There are so many nuances and edge cases not mentioned in the article. The author needs to do several projects in real life before making global pronouncements like this.

👤swader999🕑2y🔼0🗨️0

(Replying to PARENT post)

IMO, a good middleground is using schemes like TypeID[0], ulid[1], or KSUID[2] that provides a more compact and readable (base32) representation and provides better database locality (K-sortable).

[0] https://github.com/jetpack-io/typeid [1] https://github.com/ulid/spec [2] https://github.com/segmentio/ksuid

👤ekojs🕑2y🔼0🗨️0

(Replying to PARENT post)

Author here. I posted this because I've witnessed many systems in companies I've worked for where our end-users needed UUID to communicate with it (technical support, customer ID, etc.) in a way that makes communication harder. We could've used another shorter ID scheme, which would be fine.

The good thing about UUID is that it's omnipresent. From what I've heard, it's this lengthy (2^32) because it was hard to guarantee uniqueness when it was conceived in the telecom industry. The length is overkill, and per se, that's fine, but the fact that it dampers communication is awful.

That all said, since posting this, I've come to terms with accepting that it's part of life ¯\_(ツ)_/¯

P.S. Using a second human-friendly ID to end-users is an alternative adopted by some projects. However, most projects don't bother, and also, most good IDs you might want to share with people would make UUID unnecessary anyways (in practice).

👤henvic🕑2y🔼0🗨️0

(Replying to PARENT post)

It's amusing that the UUIDs are considered 'ugly' while the Amazon and YouTube IDs are not. Beauty is in the eye of the beholder. I don't find UUIDs pretty, at all, but the others are even uglier to my taste.

Yes, UUIDs are overkill for most applications. But CPUs and hard drives are, relatively speaking, cheap. Using an existing, battle-tested unique ID library implementation has advantages. The 8 bytes per record you're saving over bigserial is, for most use cases, negligible. 1,000,000 rows? You'll save 8 MB by switching away from UUIDs.

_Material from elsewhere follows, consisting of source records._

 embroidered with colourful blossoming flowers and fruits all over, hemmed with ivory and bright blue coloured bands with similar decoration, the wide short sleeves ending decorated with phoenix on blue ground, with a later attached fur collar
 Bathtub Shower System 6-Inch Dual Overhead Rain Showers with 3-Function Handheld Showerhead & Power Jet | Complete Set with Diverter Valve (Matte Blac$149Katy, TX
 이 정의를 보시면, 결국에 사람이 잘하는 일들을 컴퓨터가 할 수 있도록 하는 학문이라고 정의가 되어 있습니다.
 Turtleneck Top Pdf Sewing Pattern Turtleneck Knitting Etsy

Most databases won't be that large. Use a UUID if you want; pretend you'll have Really Big Data some day if it makes you happy. Render it using a special function if the hyphens are too ugly.

👤jherskovic🕑2y🔼0🗨️0

(Replying to PARENT post)

> A UUID alternative like a73ba12d-1d8b-2516-3aee-4b15e563a835 is just wasteful from an user’s perspective.

The argumentation in this article is pretty poor from my experience. A UUID isn’t meant to be handled by the non-technical end user. The end user usually doesn’t and shouldn’t care about the URL. I can assure there are bigger architectural problems in your design if your user has to care about accessible internal ids.

👤siva7🕑2y🔼0🗨️0

(Replying to PARENT post)

An issue that is not solved by either UUIDv4 or the proposed solution (random base58 strings) is indexing performance.

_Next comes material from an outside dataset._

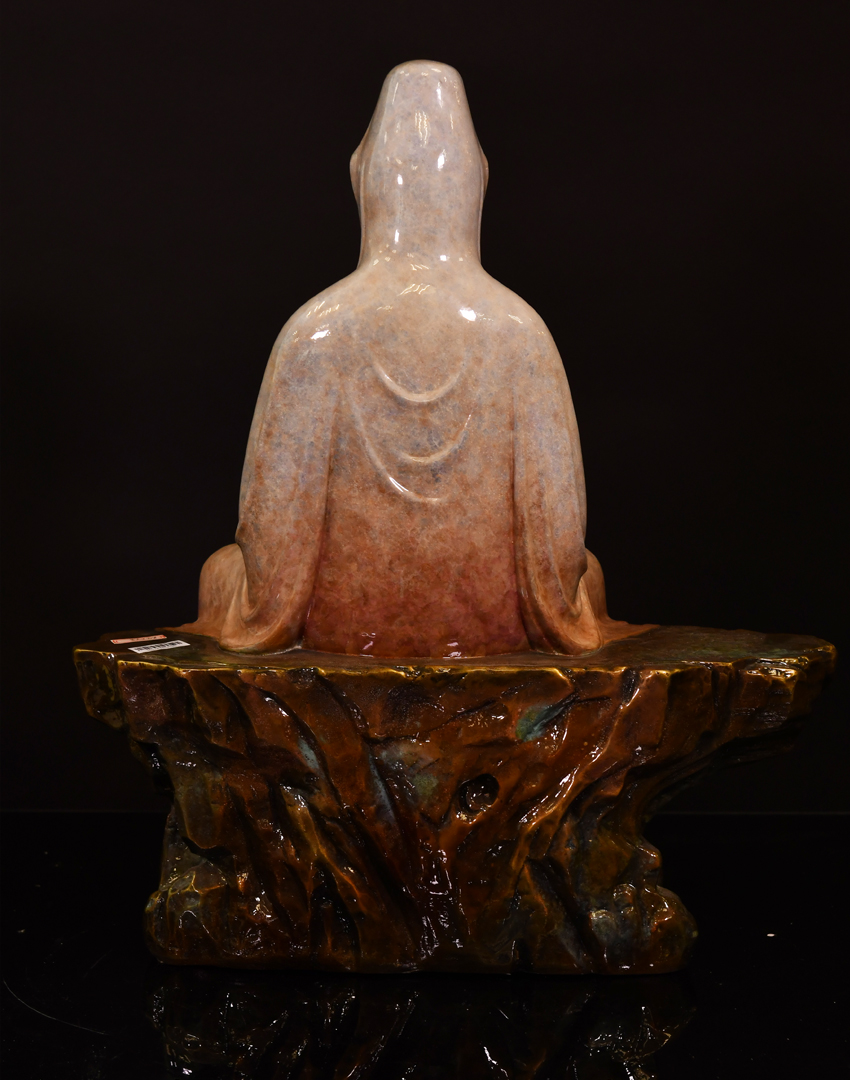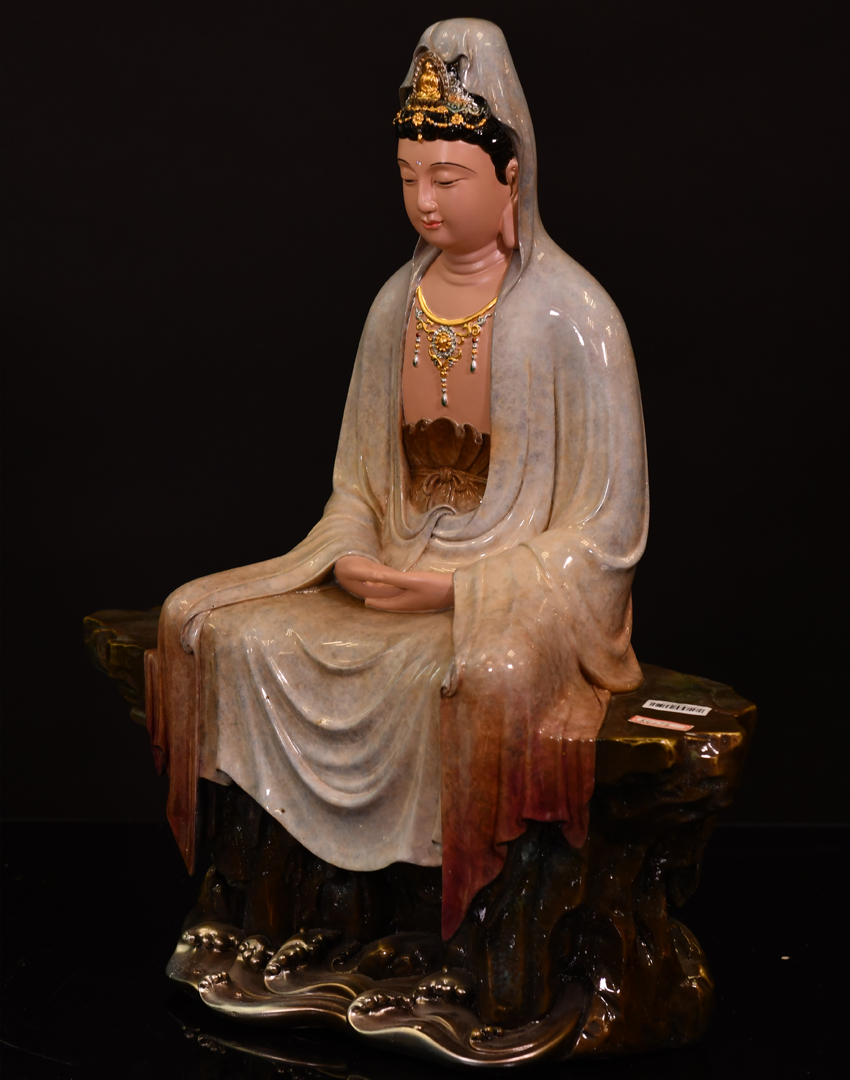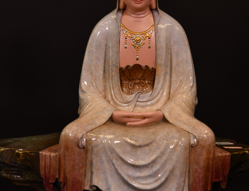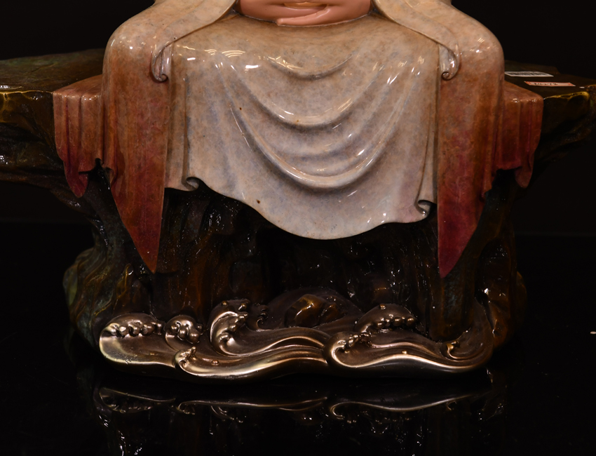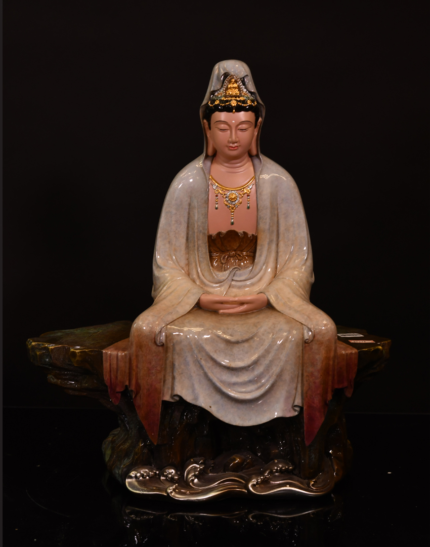觀音雙手結‘禪定’印,盤坐于高聳的巖石之上,巖石腳下是涌動的海水,一動一靜,更能體現(xiàn)出觀音的禪定和靜思。

Both of those solutions typically make it hard for a DB if you write new entries, assuming you have an index on the ID.

In addition it might be more calming to actually be sure that a particular ID is not in use without doing a round-trip.

Is it practical to pre-allocate empty entries and reserve a set of them?

👤dgb23🕑2y🔼0🗨️0

(Replying to PARENT post)

> As Tom Scott shows in his video, 11 base58-encoded characters are enough for YouTube to serve content even when considering that private videos should be undiscoverable.

Nitpick: Google isn't concerned about the discoverability of private videos; those can only be viewed when granted access. You're thinking of unlisted videos.

👤xcdzvyn🕑2y🔼0🗨️0

(Replying to PARENT post)

I think is an “engineer thinks harder about UX” kind of problem. UUIDs are fine for what they’re good at. Try to avoid making them user-facing because, yeah, they’re ugly. I also wouldn’t hand 128 bit integers to the user if I could avoid it.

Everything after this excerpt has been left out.